-- SUPPLIED RECORDS --
+ + + +

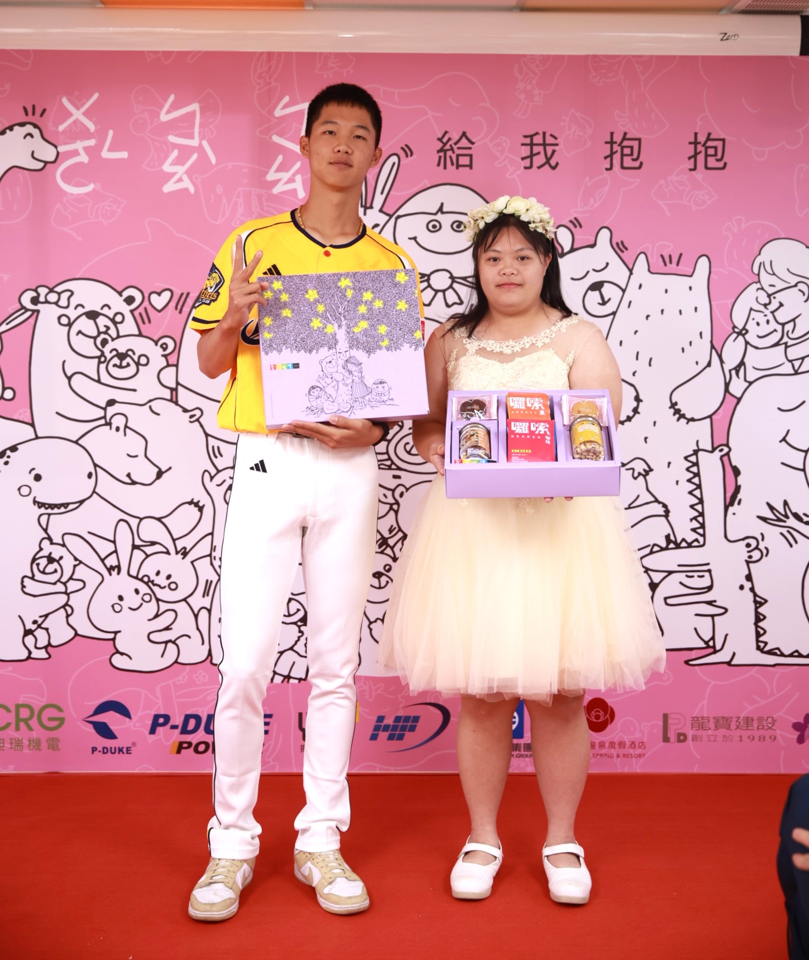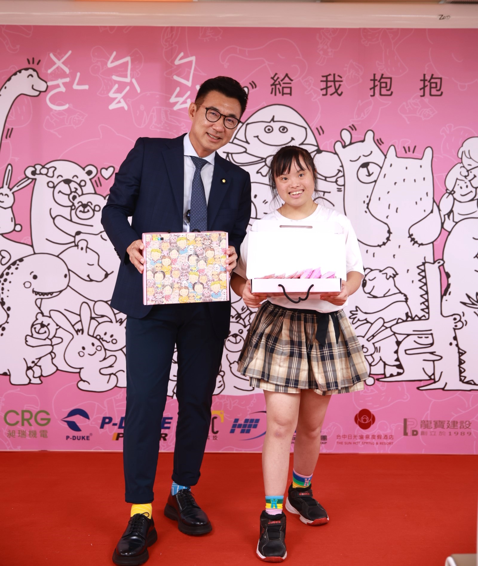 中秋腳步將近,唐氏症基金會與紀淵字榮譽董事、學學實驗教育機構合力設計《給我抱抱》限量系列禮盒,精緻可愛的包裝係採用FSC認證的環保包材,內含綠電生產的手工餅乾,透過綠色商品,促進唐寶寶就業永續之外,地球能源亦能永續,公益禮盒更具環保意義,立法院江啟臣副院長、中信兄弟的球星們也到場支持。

+ + + +

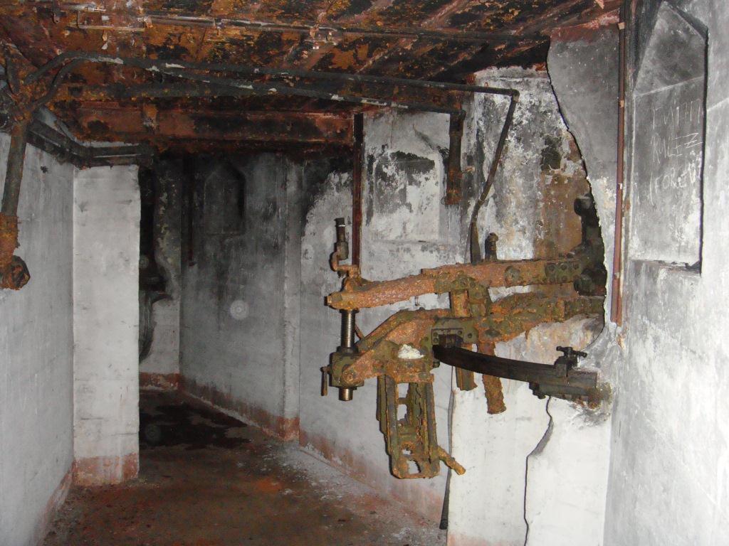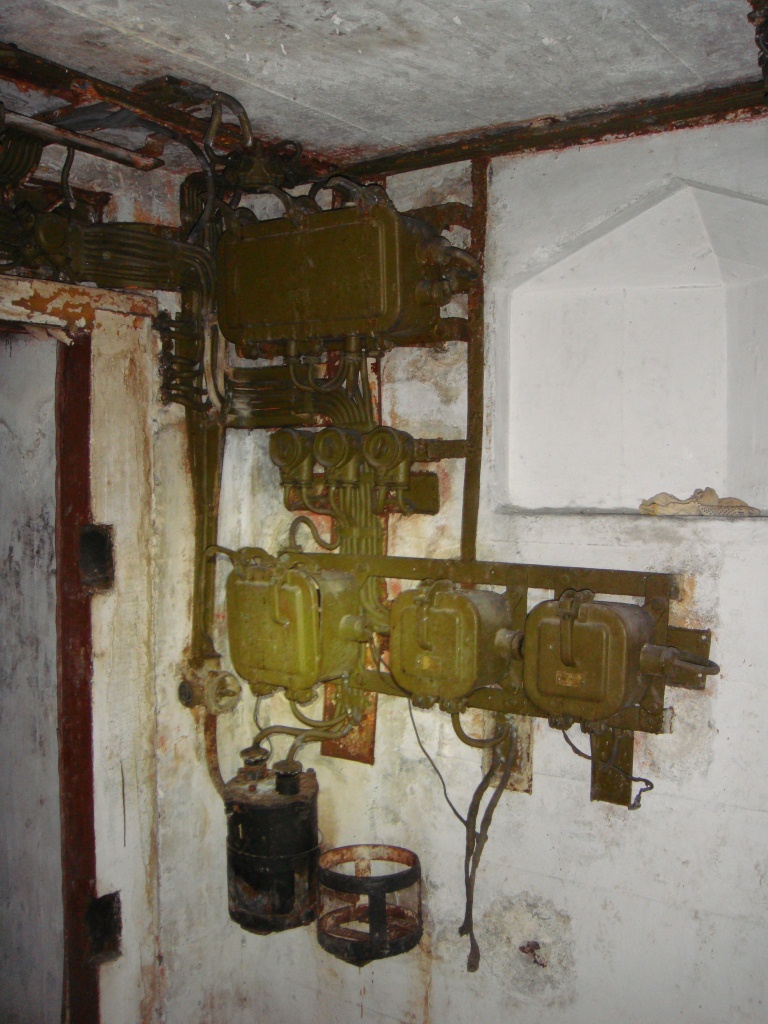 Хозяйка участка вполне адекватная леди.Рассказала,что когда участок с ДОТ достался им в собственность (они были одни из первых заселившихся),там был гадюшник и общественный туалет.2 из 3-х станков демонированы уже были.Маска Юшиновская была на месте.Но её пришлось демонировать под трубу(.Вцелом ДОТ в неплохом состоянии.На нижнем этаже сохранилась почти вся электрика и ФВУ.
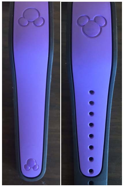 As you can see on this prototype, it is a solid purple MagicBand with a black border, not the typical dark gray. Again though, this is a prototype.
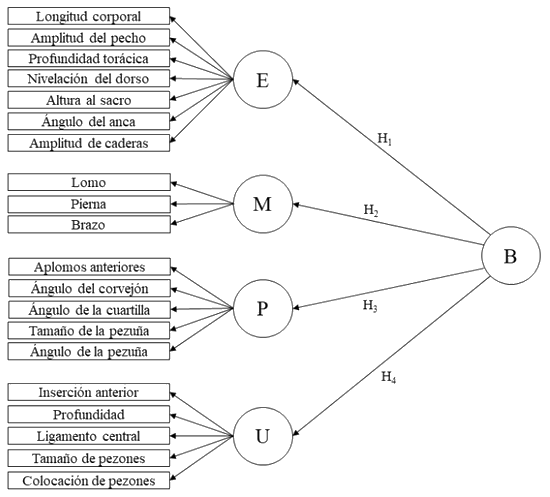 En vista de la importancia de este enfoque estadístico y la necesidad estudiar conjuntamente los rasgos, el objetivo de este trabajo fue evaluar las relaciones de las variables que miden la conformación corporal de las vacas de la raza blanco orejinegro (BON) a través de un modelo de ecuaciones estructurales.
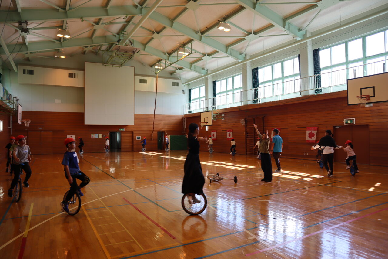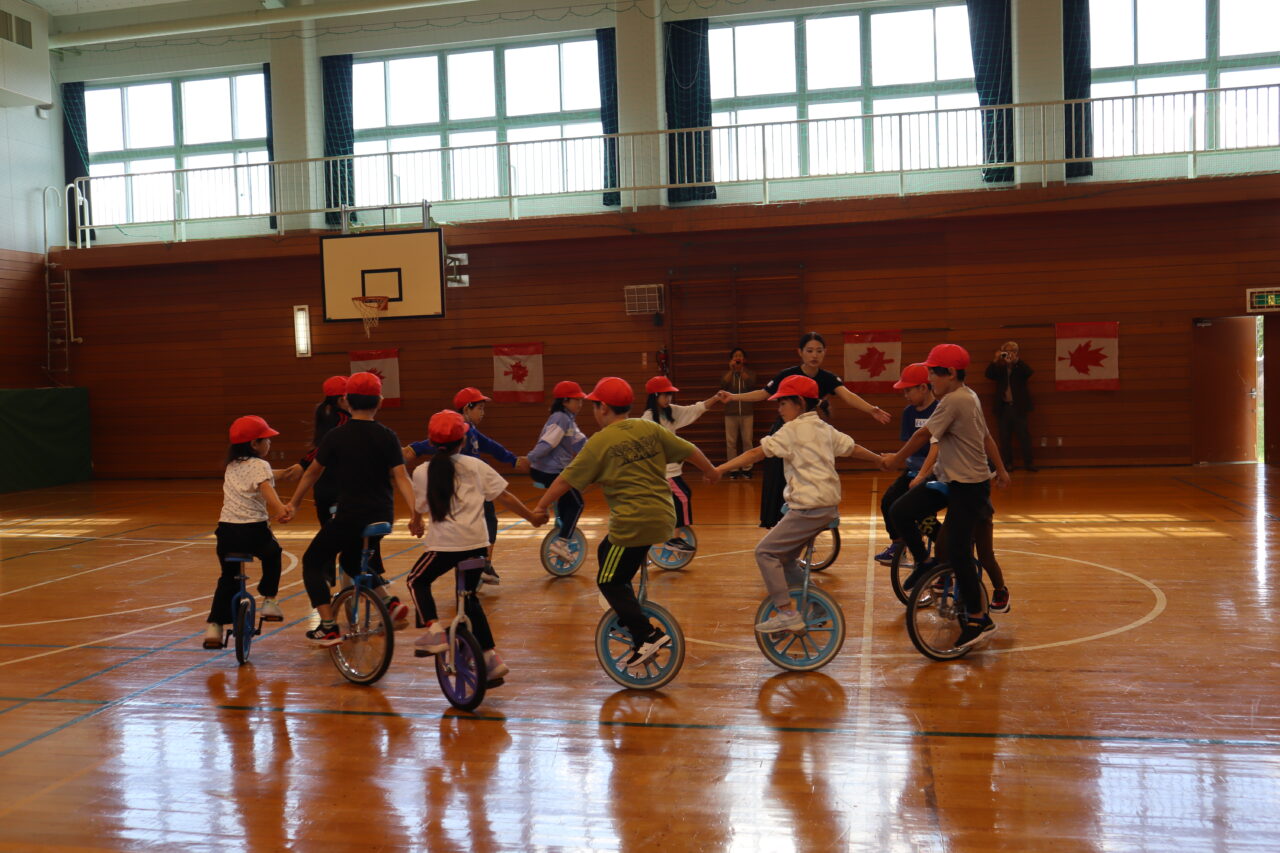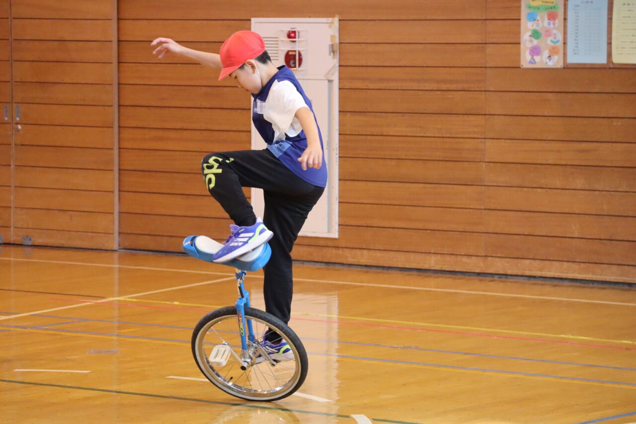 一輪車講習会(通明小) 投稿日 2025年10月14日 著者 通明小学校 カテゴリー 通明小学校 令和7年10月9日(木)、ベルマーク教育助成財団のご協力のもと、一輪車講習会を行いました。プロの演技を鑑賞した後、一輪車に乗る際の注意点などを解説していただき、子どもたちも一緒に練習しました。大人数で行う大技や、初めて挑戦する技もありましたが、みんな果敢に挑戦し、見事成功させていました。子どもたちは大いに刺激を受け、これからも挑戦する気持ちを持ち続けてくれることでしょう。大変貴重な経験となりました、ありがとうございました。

+ + + +

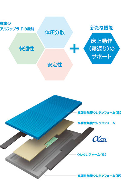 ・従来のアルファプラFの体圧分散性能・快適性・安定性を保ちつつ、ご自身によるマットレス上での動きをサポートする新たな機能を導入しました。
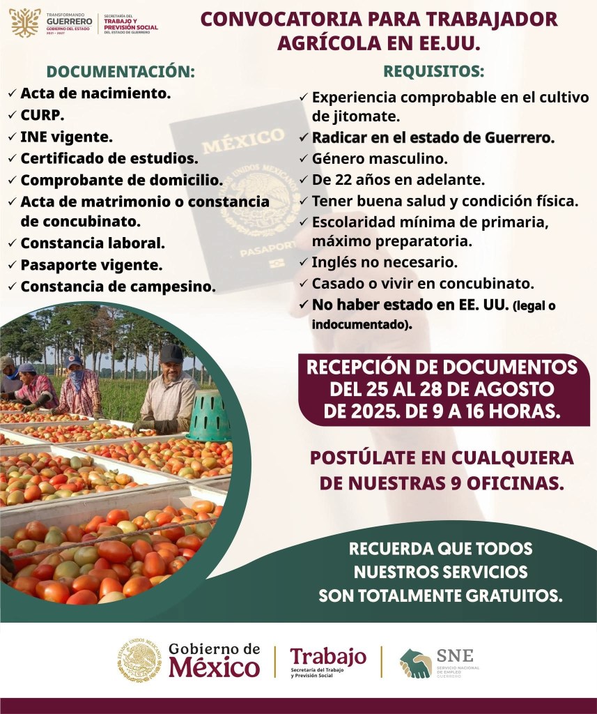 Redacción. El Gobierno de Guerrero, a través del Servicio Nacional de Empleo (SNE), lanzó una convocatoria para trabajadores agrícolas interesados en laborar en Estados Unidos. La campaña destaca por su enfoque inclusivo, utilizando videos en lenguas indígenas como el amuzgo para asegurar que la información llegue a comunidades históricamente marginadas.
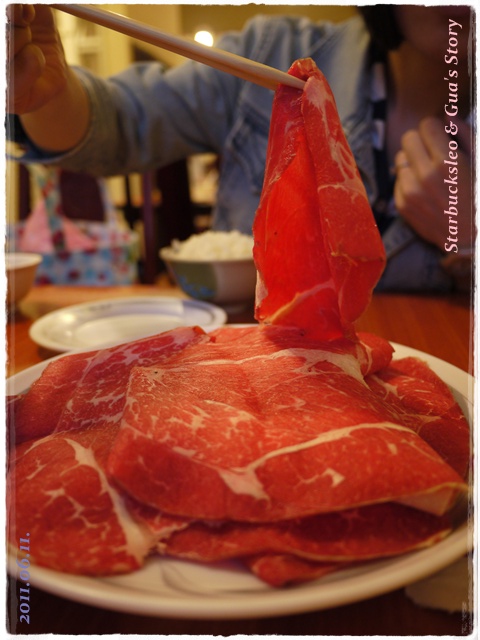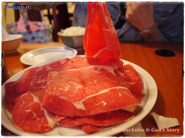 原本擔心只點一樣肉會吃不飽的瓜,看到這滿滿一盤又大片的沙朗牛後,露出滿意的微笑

+ + + +

-- TASK GOAL --
Out of the records above, return only the lines from the one with "Redacción. El Gobierno" through the one with "原本擔心只點一樣肉會吃不飽的瓜,看到這滿滿一盤又大片的沙朗牛後,露出滿意的微笑", exactly, and none of the pictures.

-- RESULT --
 Redacción. El Gobierno de Guerrero, a través del Servicio Nacional de Empleo (SNE), lanzó una convocatoria para trabajadores agrícolas interesados en laborar en Estados Unidos. La campaña destaca por su enfoque inclusivo, utilizando videos en lenguas indígenas como el amuzgo para asegurar que la información llegue a comunidades históricamente marginadas.
 原本擔心只點一樣肉會吃不飽的瓜,看到這滿滿一盤又大片的沙朗牛後,露出滿意的微笑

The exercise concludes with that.